*Your instructions*
Print the records below exactly, starting at the first line and stopping after the line that contains "Das Mineral-Thermalwasser ist". Leave out any pictures.

(Items listed in a dataset)
------------------------

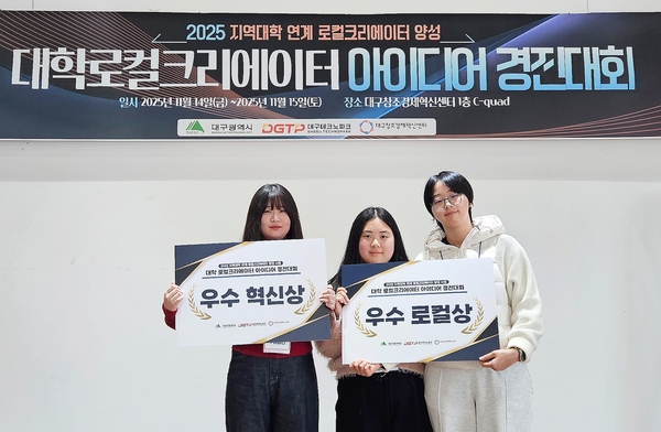 ‘2025 대학 로컬크리에이터 아이디어 경진대회’는 대구광역시와 대구테크노파크, 대구창조경제혁신센터가 공동 주최해 지역 자원의 가치를 재발견하고 이를 창의적 창업 아이디어로 발전시키기 위해 마련됐다. 참가 팀들은 서류평가, 아이디어 캠프, 최종 발표평가를 거쳐 지역성과 혁신성, 사업화 가능성을 중심으로 평가를 받았다.
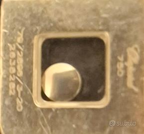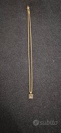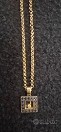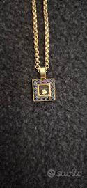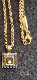 ciondolo chopard ,collana della collezione( happy diamonds). Il design è caratterizzato da un diamante mobile "danzante" racchiuso tra due vetri zaffiro, circondato da una cornice quadrata.di 16 zaffiri blu come da foto. Collezione:Happy Diamonds (spesso identificato come modello "Icon" o numero di riferimento79/2896). Materiali:Realizzato inoro bianco 18 carati(750/1000). Pietre Preziose: Un diamante centrale mobile. Una cornice esterna incastonata conzaffiri blua taglio rotondo. Esistono varianti simili con diamanti o altre pietre nella cornice. collana 42 cm .
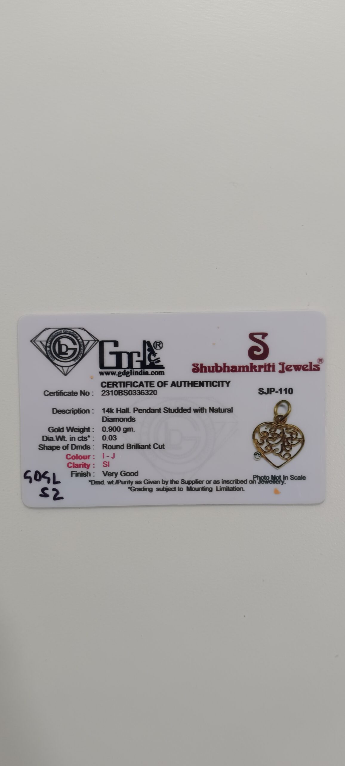 Its 14k Hallmarked Pendant studded with natural Diamonds certified by GDGL (GEMS AND DIAMOND GRADING LABORATORIES)
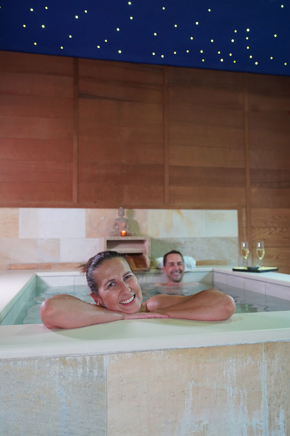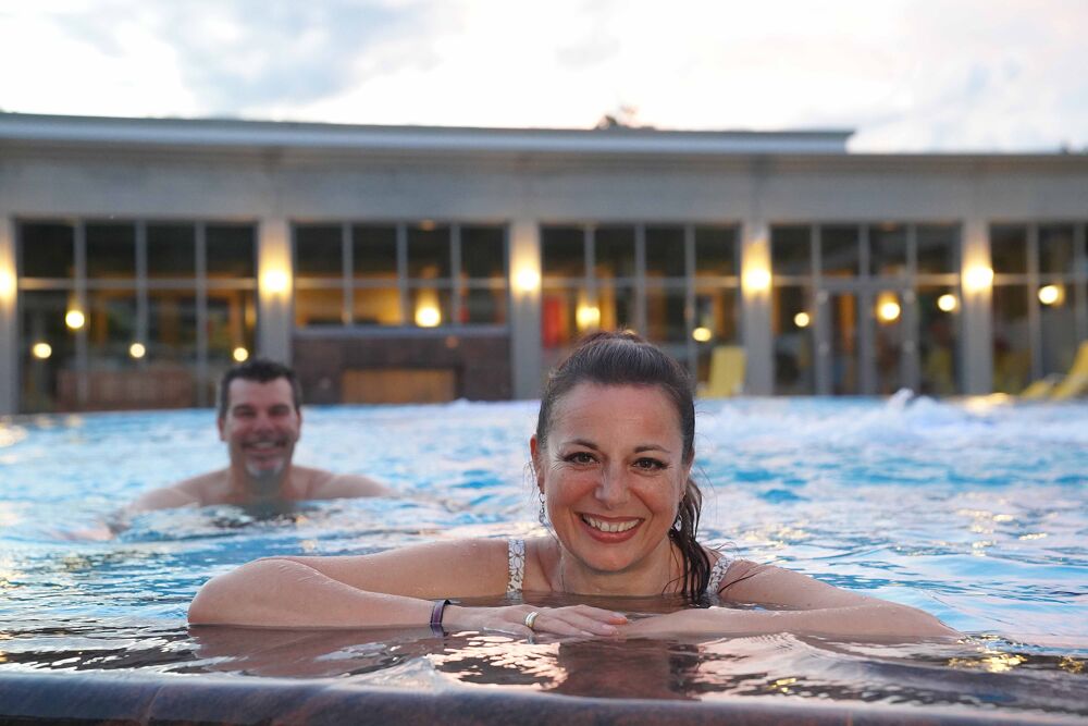 Das Mineral-Thermalwasser ist je nach Becken zwischen 29 und 36 Grad Celsius warm und hat einen Mineraliengehalt von über 4.000 Milligramm pro Liter. Das Wasser besitzt eine der höchsten Kohlensäurekonzentrationen in Europa. Die feinperlige Kohlensäure, die durch die Haut unmittelbar auf Blutgefäße und Nerven wirkt, entspannt, regeneriert und regt die Durchblutung an.
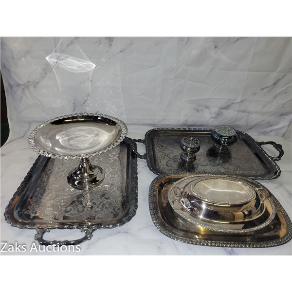 Lot of 2 Silver Plate Trays 25" long, 15" wide, engraved. Heather Gayle Smith & Covered Vegetable Dish & Cake Stand, 2 Flower Frog...
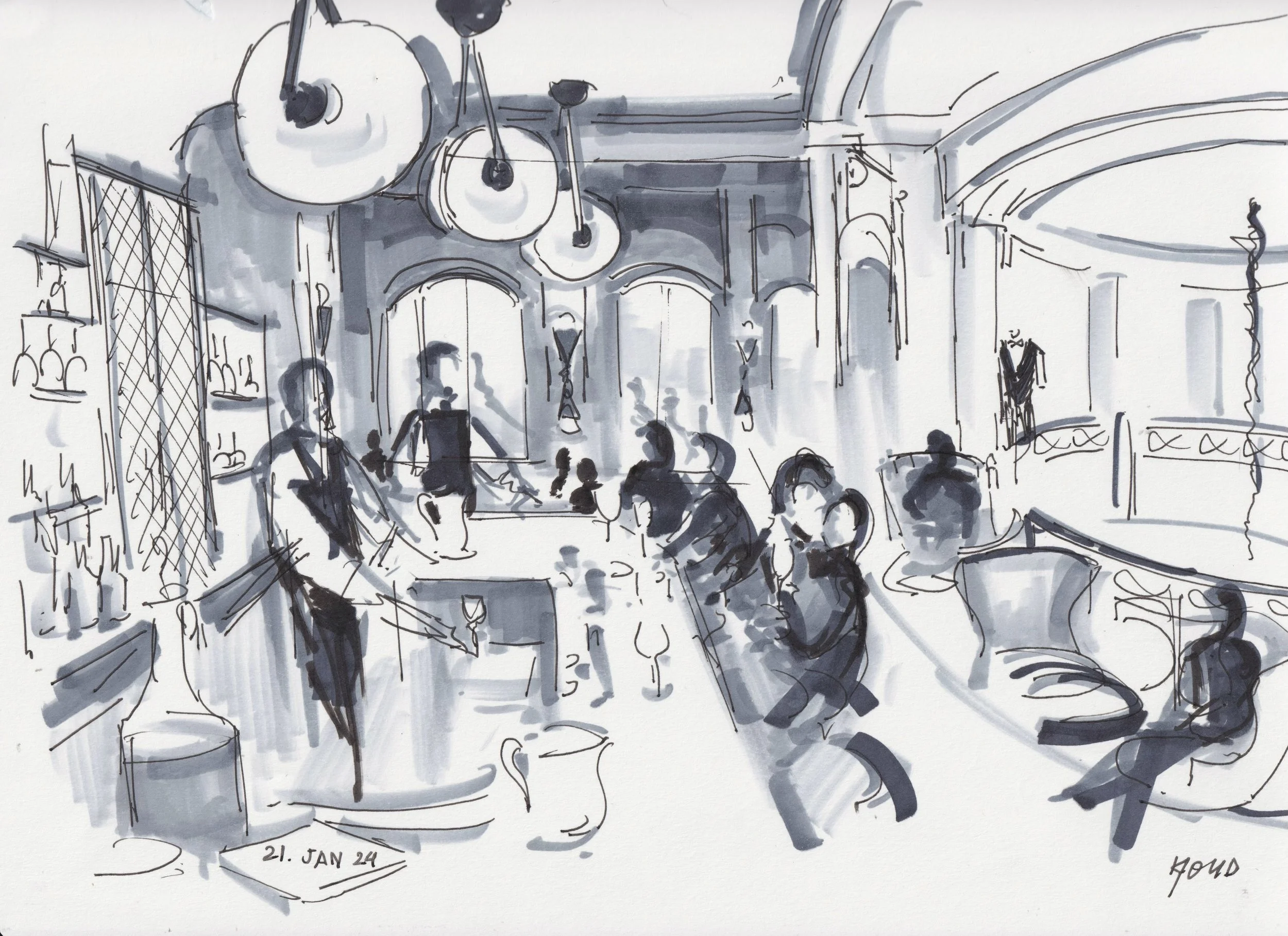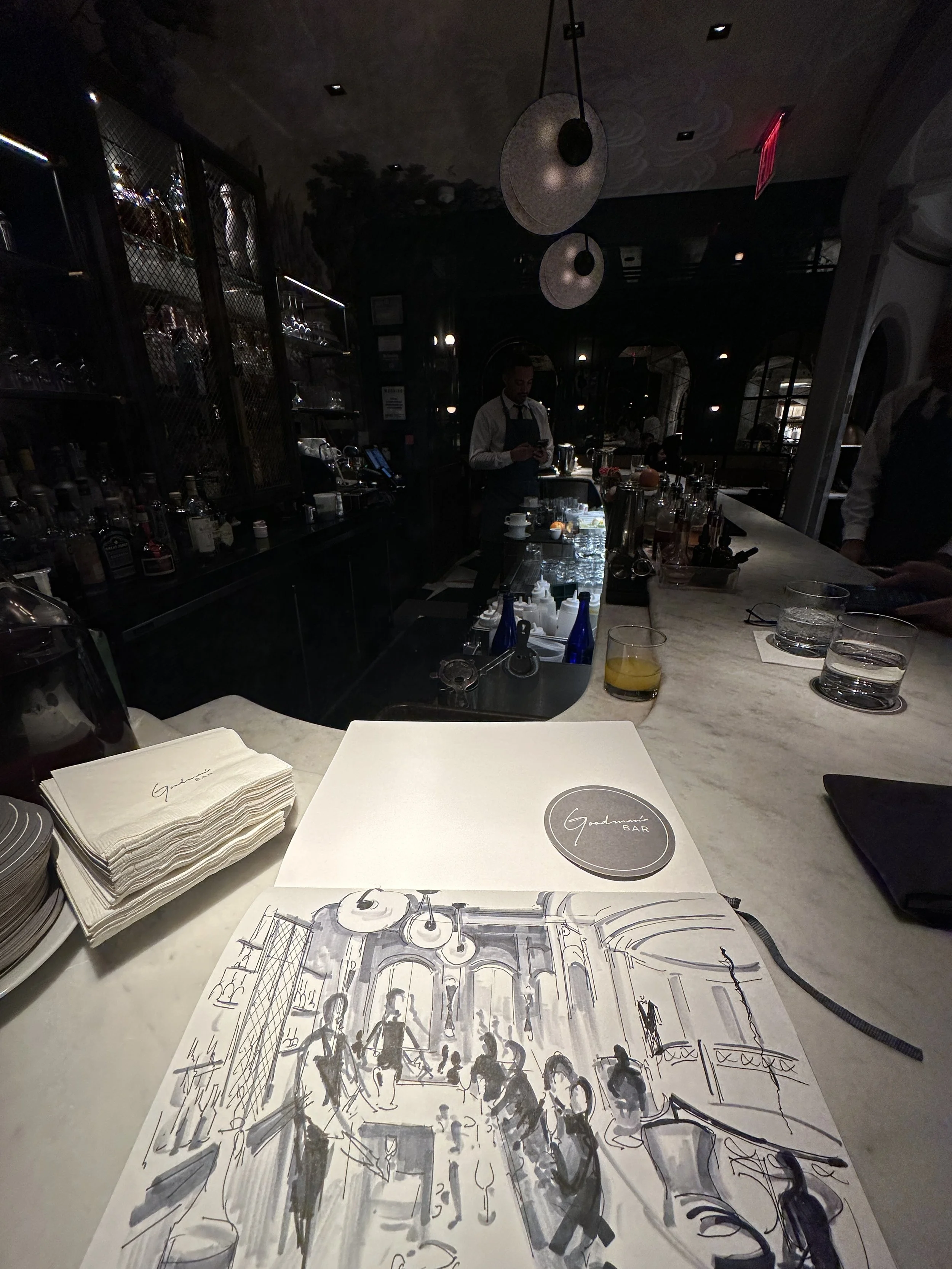 This artwork captures the refined ambiance of Goodman's Bar, an Art Deco-inspired brasserie nestled on the second floor of Bergdorf Goodman's Men's Store on Fifth Avenue. Designed as a hidden gem for discerning patrons, the bar offers a curated selection of crafted cocktails and classic fare with a contemporary twist. The painting reflects the intimate and stylish setting, inviting viewers to experience the timeless elegance and understated luxury that define this Midtown Manhattan destination.

------------------------

*Your response*
 ‘2025 대학 로컬크리에이터 아이디어 경진대회’는 대구광역시와 대구테크노파크, 대구창조경제혁신센터가 공동 주최해 지역 자원의 가치를 재발견하고 이를 창의적 창업 아이디어로 발전시키기 위해 마련됐다. 참가 팀들은 서류평가, 아이디어 캠프, 최종 발표평가를 거쳐 지역성과 혁신성, 사업화 가능성을 중심으로 평가를 받았다.
 ciondolo chopard ,collana della collezione( happy diamonds). Il design è caratterizzato da un diamante mobile "danzante" racchiuso tra due vetri zaffiro, circondato da una cornice quadrata.di 16 zaffiri blu come da foto. Collezione:Happy Diamonds (spesso identificato come modello "Icon" o numero di riferimento79/2896). Materiali:Realizzato inoro bianco 18 carati(750/1000). Pietre Preziose: Un diamante centrale mobile. Una cornice esterna incastonata conzaffiri blua taglio rotondo. Esistono varianti simili con diamanti o altre pietre nella cornice. collana 42 cm .
 Its 14k Hallmarked Pendant studded with natural Diamonds certified by GDGL (GEMS AND DIAMOND GRADING LABORATORIES)
 Das Mineral-Thermalwasser ist je nach Becken zwischen 29 und 36 Grad Celsius warm und hat einen Mineraliengehalt von über 4.000 Milligramm pro Liter. Das Wasser besitzt eine der höchsten Kohlensäurekonzentrationen in Europa. Die feinperlige Kohlensäure, die durch die Haut unmittelbar auf Blutgefäße und Nerven wirkt, entspannt, regeneriert und regt die Durchblutung an.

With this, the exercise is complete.